Get distinct vector of vector with count

Question

What is the best way to return only the unique element with the counts from vector of vectors?

std::vector<std::vector<string>> vec_vec{{a,a,b,c},{a,c,c}};

The results should be :

{a, b, c} // This is the vector that contains the unique items.
{3, 1, 3} //a exists three times, b only one time, and c is three times.

To solve this I use the following:

1- Copy all the items in the vector of vector to single vector, so the output will be:

vec_vec{{a,a,b,c},{a,c,c}} -> vec{a,a,b,c,a,c,c} 

2- Now I'm dealing with a single vector (not vector of vector), so it's much easier to sort, get the unique items and them (I may use the code here1 and here2)

Is converting the vector of vector to one vector is a good idea? Any better solution?

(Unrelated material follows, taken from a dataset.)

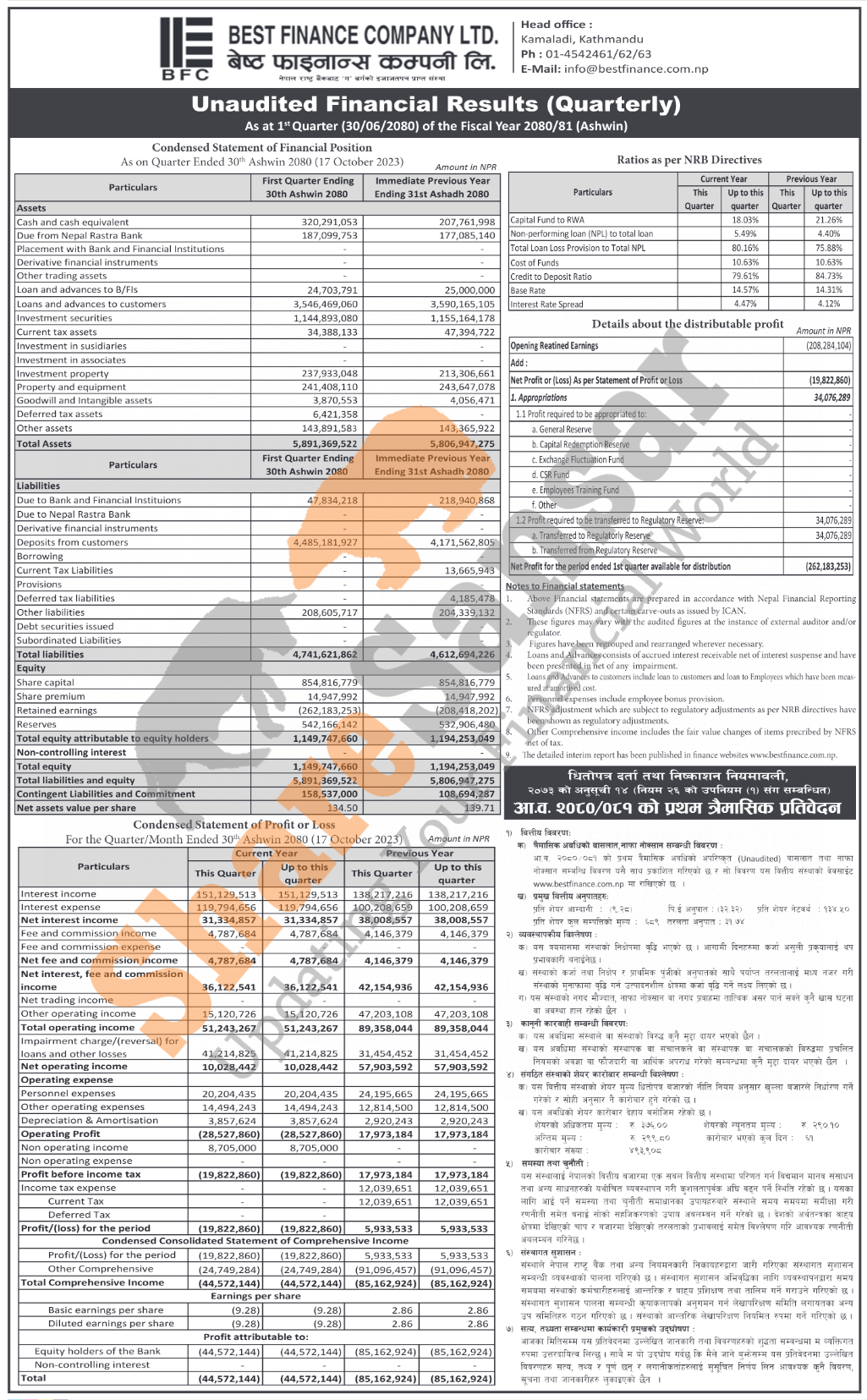 Best Finance Company Limited has posted a net loss of Rs 19.82 million and published its 1st quarter company analysis of the fiscal year 2080/81.

Can we find better way with less complexity comparing with the current way (c++11, c++14)?

Answer 1

From the top of my mind:

std::unordered_map<std::string, std::size_t> counters;
for(auto const& inner : vec_vec)
  for(auto const& v : inner)
    counters[v]++;

for(auto const& cnt : counters)
  std::cout << cnt.first << " appears " << cnt.second << std::endl;

Answer 2

Use hash maps.

std::unordered_map<string, int> result;
for (const auto& x : vec_vec) 
  for (const string& y : x)
     result[y]++;

Answer 3

I would just use a map as "tally" structure:

std::map<string, unsigned int> tally;
for(auto subvector : vector) {  // subvector is std::vector<std::string>
  for(auto item : subvector) {  // item is a std::string
    ++tally[item];
  }
}

If you insist on having the result as two parallel vectors (but why would you?) simply construct them from the map:

std::vector<std::string> unique_items;
unique_items.reserve(tally.size());
std::vector<unsigned int> counts;
counts.reserve(tally.size());
for(auto item : tally) {
  unique_items.push_back(item.first);
  counts.push_back(item.second);
}

If you don't want the result vector to be sorted, you can use an unordered_map, as suggested in other answers.